I piddle around with Aduinos but I wouldn’t try to use one for a DCC ammeter. The Rob Paisley circuit fills the bill quite well.
http://www.circuitous.ca/DCCammeter10.html
With it all you need is regular DC meter. I have a digital meter on my control panel connected to a Paisley board.
The digital LCD meter on the right on the left side of the panel measures DCC current switchable 0-2 amps and 0-4 amps.
Because of the micro chips I would advise purchasing the board from Rob with the micro chips installed. At 80 I couldn’t hold my soldering iron steady enough to install the ZXTC1009 micro chips, well worth the $8 (US) with the pin head size chips soldered on the circuit board.
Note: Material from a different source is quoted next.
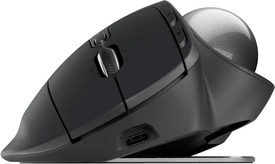 Experience peak comfort and performance with MX Ergo S advanced wireless trackball, certified by ergonomists, with a 20-degree tilt angle for less muscle strain in your forearm. Now with quiet clicks and quick USB-C charging.*Elevated comfort and precision*MX Ergo S, Logitech’s most advanced wireless ergonomic trackball yet, with a 20-degree tilt angle and 6 customizable buttons – now with quiet clicks and quick USB-C charging (cable not included).* *Maximize control. Minimize movement.:* Track precisely and effortlessly with thumb control, while your hand stays fully supported on the sculpted ergonomic design with a soft rubber grip – a good fit for medium to large-sized hands. Switch between speed and high-precision tracking with a tap of the DPI button.* *Tilt for more comfort:* MX Ergo S is certified by ergonomists, with a unique 20-degree tilt angle that encourages a better forearm posture and reduces muscle strain in the forearm by 27% for elevated comfort throughout the day.* *Smoother days, your way.:* Work faster with 6 customizable buttons and a DPI button to effortlessly switch cursor speed. Assign time-saving shortcuts, or Smart Actions tailored to your needs using the Logi Options+ App.* *Key Features:* * *Now with quick USB-C charging:* MX Ergo S is now compatible with USB-C charging (cable not included), with a full charge lasting up to 120 days and just a 1 minute charge for 24 hours of use. Compatible with any USB Type-C to USB Type-C or USB Type-A to USB Type-C cables, so you can use cable you already have in your home or at work. * *Now with quiet clicks:* Work without distraction with quiet clicks. Experience the same satisfying click feel on MX Ergo S but with 80% quieter clicks compared to MX Ergo. * *Built for advanced setups:* Connect up to 2 devices via Bluetooth or the included Logi Bolt receiver, and seamlessly switch between computers with the Easy-Switch button. MX Ergo S is compatible with Flow Technology, allowing you to work across devices and operating systems with the Logi Options+ App. Click and drag files across multi-OS devices.*Technical Specifications:** *Dimensions:* * *Height:* 132.5 mm * *Width:* 99.8 mm * *Depth:* 51.4 mm * *Weight (without metal plate/without receiver):* 164 g * *Weight (with metal plate/without receiver):* 259 g* *Sensor Technology:* * Logitech Advanced Optical Tracking * *Minimal and maximal value:* 512–2048 dpi* *Buttons:* * *Number of Buttons:* 8 (Left/Right-click, Back/Forward, Scroll-wheel with Right/Left-tilt and Middle-click, Precision Mode, Easy-switch) * *Number of customizable buttons:* 6* *Customization app:* * Supported by Logi Options+ on Windows and macOS * Requires Logi Options+ app, available for recent versions of Windows and macOS at logi.com/opti­onsplus.* *Battery type:* * Rechargeable with USB-C charging * *Battery life:* Up to 120 days on a single full charge; 1-min charge for 24-hour of use * Cable not included, USB-C cable available on logi.com for purchase* *Connection Type:* * Logi Bolt USB Receiver * Bluetooth Low Energy Technology* *Wireless range:* 10-m (33-ft) wireless range* *Sustainability:* * *Graphite plastics:* 20% post-consumer recycled material * *Paper Packaging:* FSC™-certified* *System Requirements:* * *Logi Bolt USB Receiver:* * *Required:* USB-A port , Windows 10, 11 or later , macOS 12 or later , Linux, ChromeOS * *Bluetooth:* * *Required:* Bluetooth Low Energy , Windows 10, 11 or later , macOS 12 or later , Linux , ChromeOS , iPadOS 15 or later , Android 12 or later * Internet access required to download optional customization app Logi Options+* *Warranty Information:* 1-Year Limited Hardware Warranty* *Part Number:* * *Graphite MX Ergo S:* 910–007261* *What's in the box:* * Advanced Wireless Trackball * Logi Bolt Receiver * Document * (Cable not included)

There’s little point to using an Arduino in this case. While you could take the millivolt output of Rob’s circuit and run it through a precision resistor and measure with the analog input on an Arduino, just hooking one of those small LED panel meters to it is probbaly more accurate. There;s nothing like a microcontroller in the RRAMPmeter either, just a similar current detector and a compensated voltmeter. The one little LED voltmeter I got on eBay has a trimmer to adjust it, so you could apply the high speed diode bridge to the input and then adjust it to compensate for the diode drops and bingo, DCC voltmeter. You would need a way to calibrate regardless - and about the best way to do that is with an oscilloscope.